For a while, LT pushed through the favors, scratching the back of as many colleagues police as he could, and threw elbows in the roadside bar where the 12-year-old girl had disappeared. None. A year later, he’s deadened deep into a bottle and up his nose out of shame.
This is when Lola, the daughter of a mob, strolls in declaring she has a story of a lost cousin and with it a vehement partnership No cops, for clear reasons.
every piece is dedicated to relationships and every ‘introduction’ is an elaborate exercise in screenwriting. All of what I’ve mentioned might have been taken care of with a line or two of dialogue, a short flashback or two, and the rest. It is all background and back story.
In one of the long scenes, LT sits in a bar, allegedly in a post-cold turkey phase, and we hear ancient Vietnam Vets drone on and on blaming their war on the same people that Pentagon propagandists have always blamed.
We also attend a meeting for a scene that serves a lot less purpose than the writer-director hoped for.
There is ‘establishing’ who the character is and what the stakes will be in a quick outline and there is not knowing when enough is enough.
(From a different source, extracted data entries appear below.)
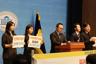 헌법재판 청년평가단 기자회견 탄핵각하! 탄핵기각! 헌법재판소에 엄중히 경고합니다. 2025.03.10. 국회 소통관 트루스포럼 / 헌법재판 청년평가단 현재 대한민국은 비상사태입니다 정상적인 국가상태가 아닙니다. 민의를 대변하기 위하여 만들어진 국회가 거대야당에 의해 반헌법적 독재기구로 전락하고 있습니다. 취임 전부터 대통령 퇴진을 외치더니 급기야 장관, 검사, 감사원장, 심지어 대통령마저 탄핵하고, 예산삭감으로 행정부기능을 마비시키고, 내란몰이로 행정부의 수사권마저도 휘두르고 있습니다. 거대야당에는 국가보안법 위반 전과자가 20여명에 이릅니다. 심지어 국회측 소추대리인 정청래 국회법사위원장은 대학시절 주체사상에 빠져서, 미국 대사관저에 들어가 사제 폭탄을 터뜨리고 방화를시도했던 대한민국의 헌정질서를 유린한 인물입니다. 대통령이 북한, 중국, 러시아와 잘 지내지 않는다고 탄핵소추안 서두에 넣는 게 지금의 현실입니다. 이들은 탄핵소추와 예산승인권을 무기로 정부를 무력화했습니다. 일부 헌법재판소 재판관이 이들과 은밀하게 협력한 정황이 있고, 헌법재판의 위상은 바닥으로 떨어지고 있습니다. 나아가 이제는 카톡을 검열하고 신문광고주를 압박하는 등 헌법상 기본권마저 유린
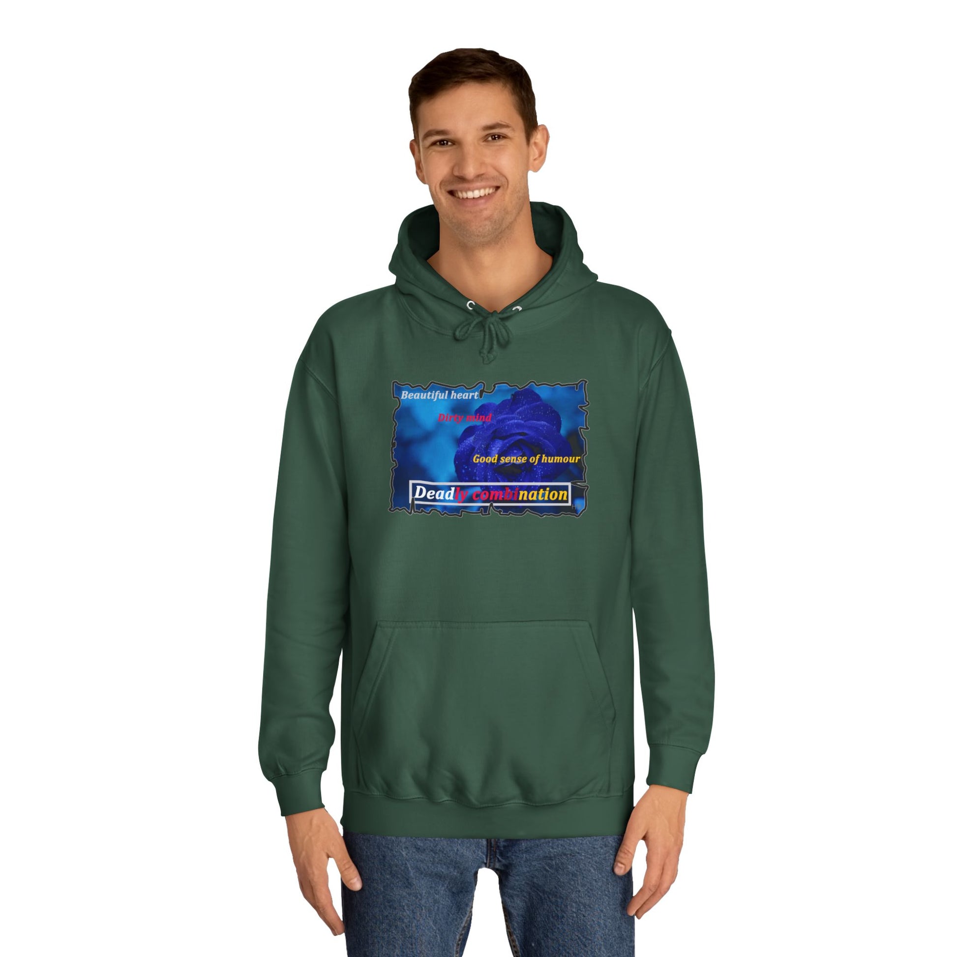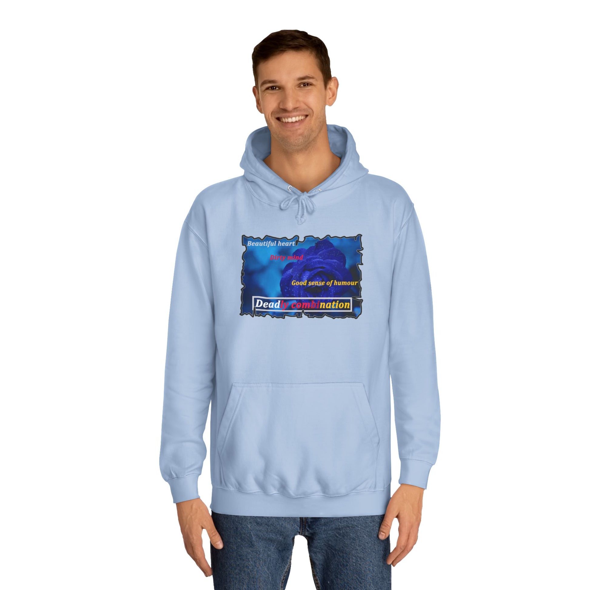 Introducing our latest tee shirt design, featuring a stunning image of a dark blue rose set against the statement: "Beautiful heart, dirty mind, good sense of humor is a deadly combination." This tee shirt is the perfect addition to any wardrobe, combining style, attitude and personality.
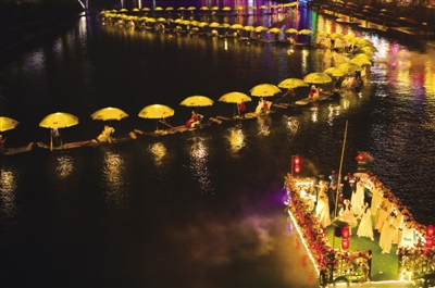 1月14日,在湖北省恩施土家族苗族自治州宣恩县贡水河上,一场“贡水游龙”迎新春活动吸引不少市民游客参与体验。“贡水游龙”由数十条竹筏作“龙身”,辅以灯光、音乐,人们可以在贡水河上“乘龙”观赏璀璨夜景,欢乐迎新春。图为人们在体验“贡水游龙”。 新华社发 宋文/摄
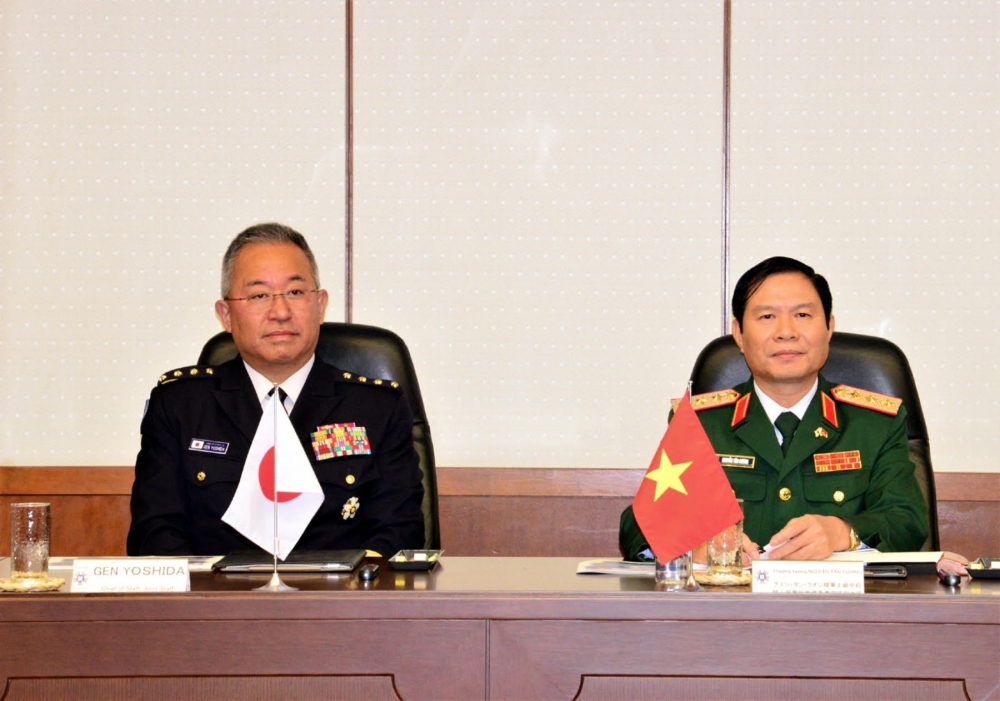 Sáng nay (11/10), tại trụ sở Bộ Quốc phòng Nhật Bản, ở Tokyo, Đại tướng Yoshida Yoshihide, Tham mưu trưởng Liên quân Nhật Bản, chủ trì Lễ đón chính thức đoàn đại biểu quân sự cấp cao Quân đội nhân dân Việt Nam do Thượng tướng Nguyễn Tân Cương, Tổng Tham mưu trưởng Quân đội nhân dân Việt Nam, Thứ trưởng Bộ Quốc phòng, làm Trưởng đoàn, thăm chính thức Nhật Bản.
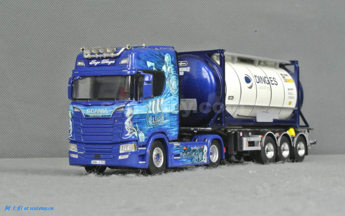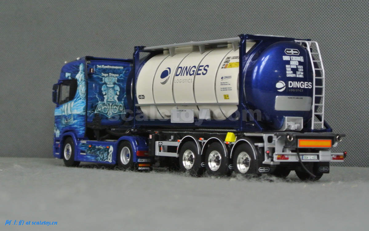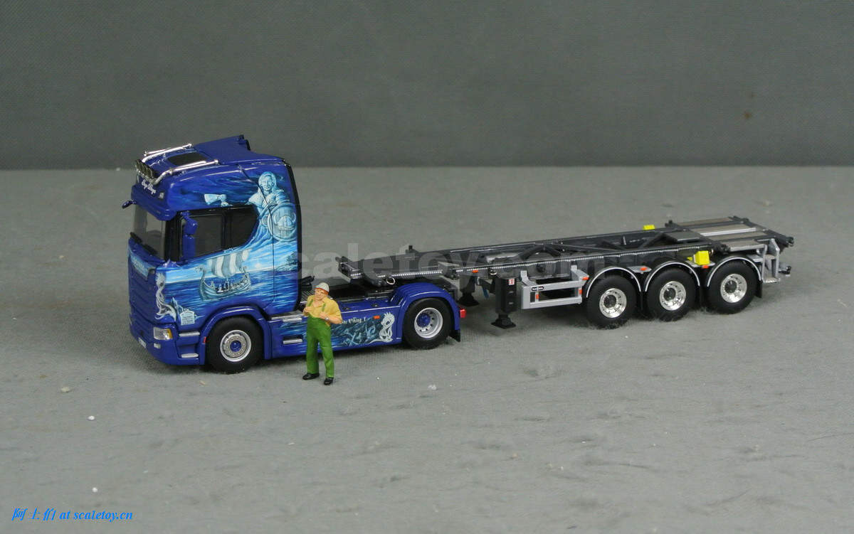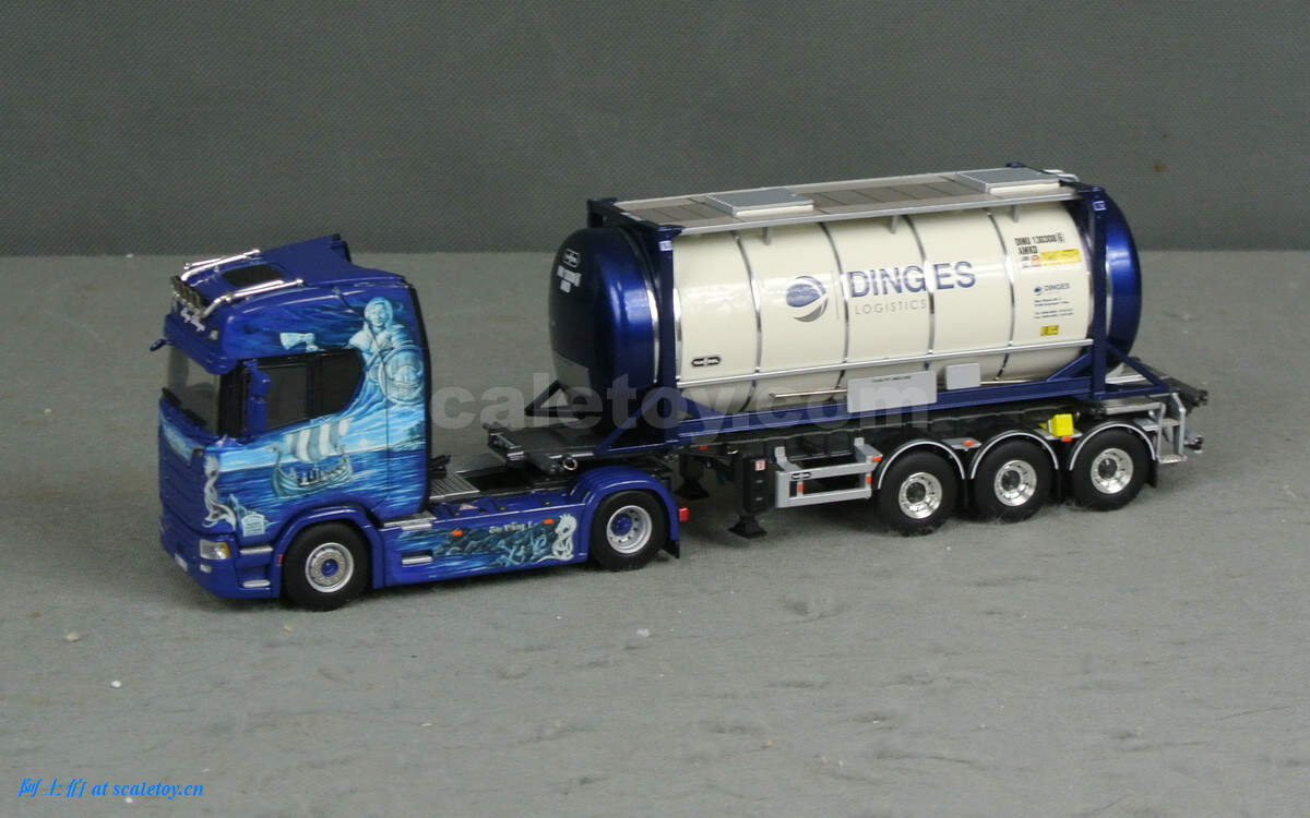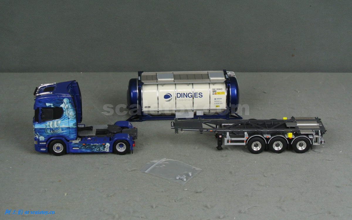 这款是一台斯堪尼亚S HIGHLINE CS20H两轴拖头,挂槽罐集装箱托架,带公司自己的槽罐。实车图片来自WSI及网络。
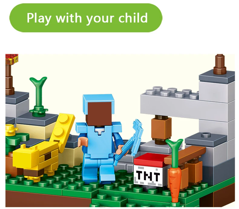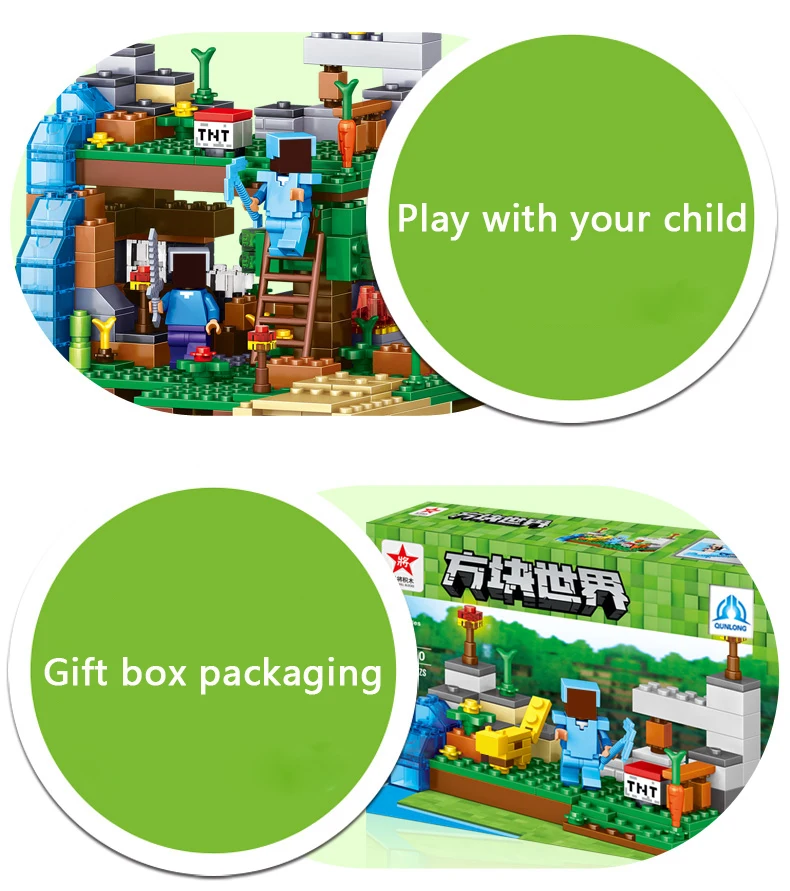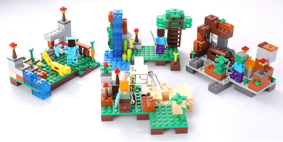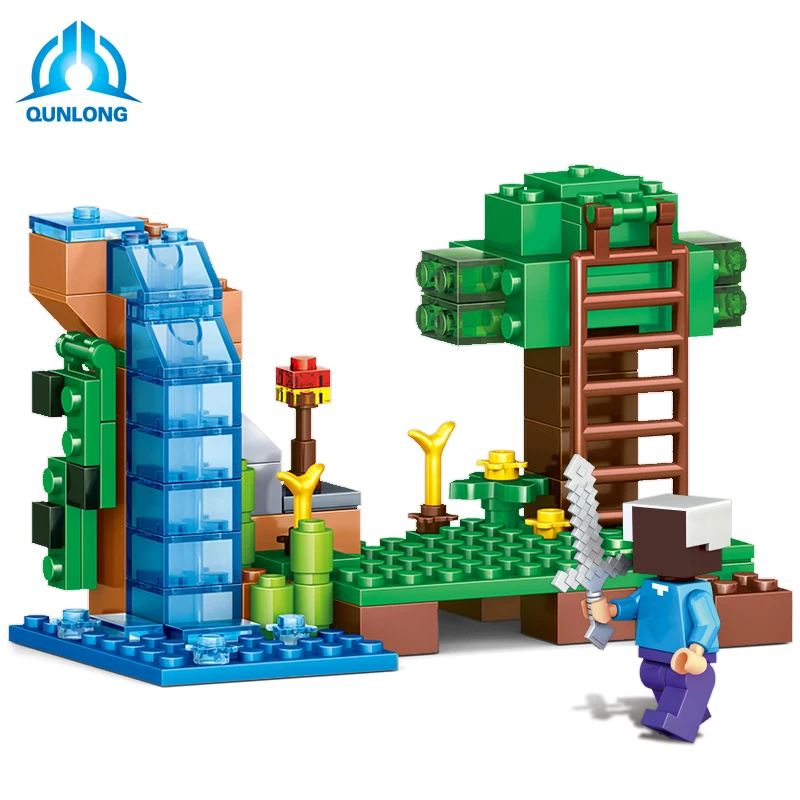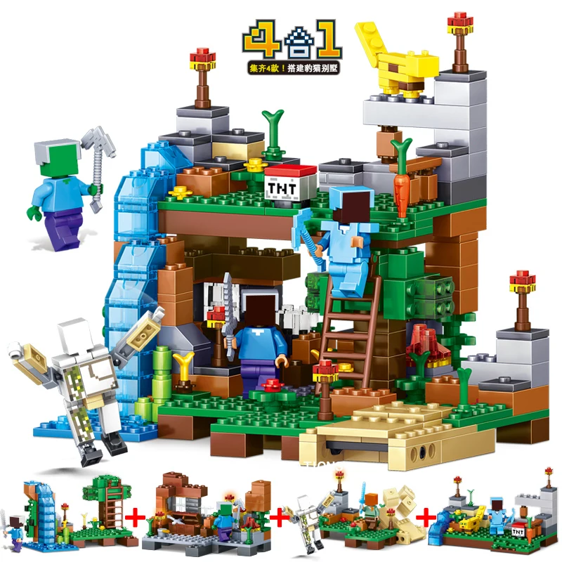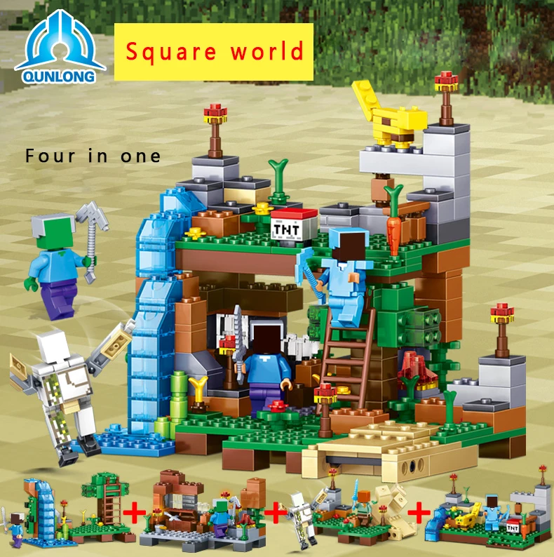 Qunlong Toy Minecrafted Figures Building Blocks 4 in 1 DIY Garden Bricks Toy Gift For Kid Compatible With Legoe Minecraft City
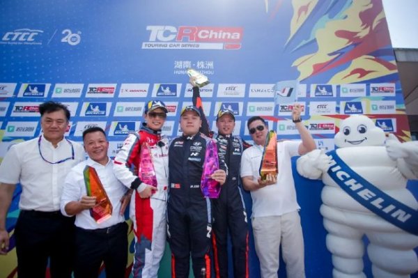 2023 CTCC中国汽车场地职业联赛湖南株洲站第一回合颁奖台 7月9日,2023 CTCC中国汽车场地职业联赛湖南株洲站再献两回合精彩对决。超级杯-TCR中国系列赛、运动杯-长三角赛车节两大赛事总计44台赛车,近60位车手无惧热浪考验,再度上演标杆级职业对决。12000名车迷亲临现场共赴热爱,见证了这场血脉喷张的终极博弈。黄金联赛为株洲的体育文旅再添美好记忆。 在上午的首回合交锋中,Hyundai N车队的曹宏炜发车后一击制胜,夺取个人TCR中国系列赛第三冠;来自东风本田车队的谢欣哲和Z.S...

Writer-director Matthew Newton did not get that memo.
Even the finale, when the hunters have crossed a number of moral and legal boundaries in order to get close to the objective, remains drawn and so sloth-like that you will find yourself screaming at the screen Get ON with it during the rescue effort which proceeds at a snail pace.
As a side note, if you have watched more than 2 or 3 sensationalized videos depicting child abduction conspiracies, you will appreciate my observation of the endless first act. “Among the Beasts” is painfully straightforward.